The NYPD is bringing back its robot dog


The New York Police Department is reenlisting Digidog, the four-legged robot that the city faced backlash for deploying a few years back, as reported earlier by The New York Times. NYC Mayor Eric Adams announced the news during a press event on Tuesday, stating that the use of Digidog in the city can “save lives.”

Digidog — also known as Spot — is a remote-controlled robot made by the Hyundai-owned Boston Dynamics. It’s designed to work in situations that may pose a threat to humans, helping to do things like perform inspections in dangerous areas and monitor construction sites. However, Boston Dynamics also touts its use as a public safety tool, which the NYPD has tried in the past.

In 2020, the NYPD used the Digidog for reconnaissance during a situation that had a gunman barricaded inside of a building and again deployed the robot in the midst of a home invasion in 2021 to get a glimpse at what was going on inside the home. After critics spoke out against the use of the Digidog over concerns about surveillance and the weaponization of the police, the NYPD quickly canceled its contract with Boston Dynamics.
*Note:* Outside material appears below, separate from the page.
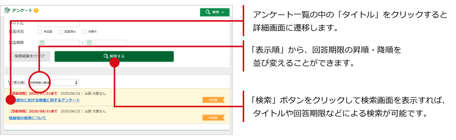 「表示順」から、回答期限の昇順・降順を並び変えることができます。

The Surveillance Technology Oversight Project (STOP), a group that advocates against the use of local and state-level surveillance, has denounced Mayor Adams’ move. “The NYPD is turning bad science fiction into terrible policing,” Albert Fox Cahn, STOP’s executive director, says in a statement. “New York deserves real safety, not a knockoff robocop. Wasting public dollars to invade New Yorkers’ privacy is a dangerous police stunt.”

City officials say that the NYPD will acquire two robot dogs for a total of $750,000, according to the NYT, and that they will only be used during life-threatening situations, such as bomb threats.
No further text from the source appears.